Of course, chickens aren’t the only birds whose eggs are a valuable food source! Duck eggs, quail eggs, and goose eggs can all be found commercially (though sometimes it takes some searching!), and ostrich, turkey, pelican, pheasant, and gull eggs are sometimes eaten as a delicacy (with gull eggs being part of the traditional diet in many indigenous North American cultures, in England, and in Norway). Guinea fowl eggs are abundant at markets in some countries in Africa, as well as elsewhere in the world where they’re farmed. Guinea fowl eggs are much richer than chicken eggs, with a greater yolk-to-white ratio, while ostrich eggs are so large, they can serve about 24 for breakfast!
Despite all these options, when someone refers to eggs in a culinary sense, you can “eggs-psect” they mean chicken eggs. In the US alone, Americans consume an average of 281 chicken eggs per year! The chickens farmed primarily for eggs are called layer hens, with some breeds able to produce over 300 eggs per year! How “eggs-emplory” is that?
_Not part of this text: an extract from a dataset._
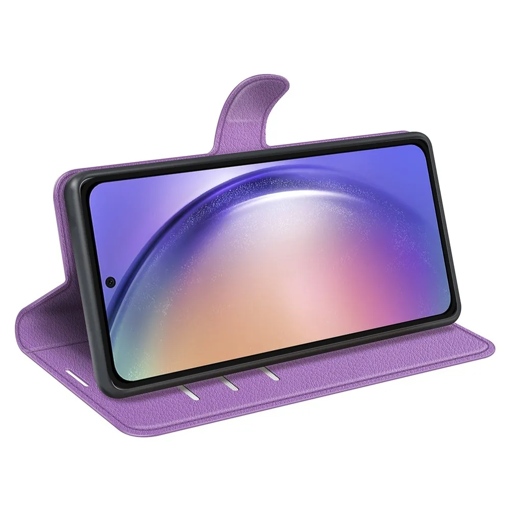 Lila Litchi pénztárca tok Samsung Galaxy A55 5G számára

Each egg consists of a protective shell surrounding the egg white (albumen) and egg yolk (vitellus), the latter containing the vast majority of the egg’s nutrition. Contrary to popular belief, the color of the eggshell is not a reflection of its nutritional value or taste but varies according to species and breed. In general, chickens with white ear lobes lay white eggs, red ear lobes lay brown eggs, and those with bluish-green ear lobes produce bluish-green eggs, while the color of the yolk depends on the diet of the chicken. Speaking of, eggs can vary widely in nutrition depending on the hen’s diet and living conditions. At the grocery store you may encounter numerous options to ‘eggs-plore’ including cage-free, conventional, free-range, hormone free, omega-3, organic, pastured, and vegetarian fed (not necessarily something to strive for since chickens are omnivorous by nature). Eggs are also graded based on the size of the air cell within the egg, measured during candling. Smaller air cells mean fresher eggs and a rating of AA. With increasing air cell size and decreasing freshness, eggs receive lower grades such as A or B. In Canada and the United States eggs are washed before sale, which is why they need to be refrigerated, whereas unwashed intact eggs can be left unrefrigerated for months without spoiling, as is the case in many European countries. This is because eggs naturally contain a thin protective cuticle designed by nature to protect them from bacteria, which is removed with washing.
And while eggs are important, also critical is their packaging! Though it might be hard to picture life without them now, the first egg carton didn’t appear until 1911, when a man named Joseph Coyle (from British Columbia, Canada) invented a hand-made paper holder to prevent eggs from breaking during shipment. An “eggs-straordinary” invention indeed! (Hyuck!)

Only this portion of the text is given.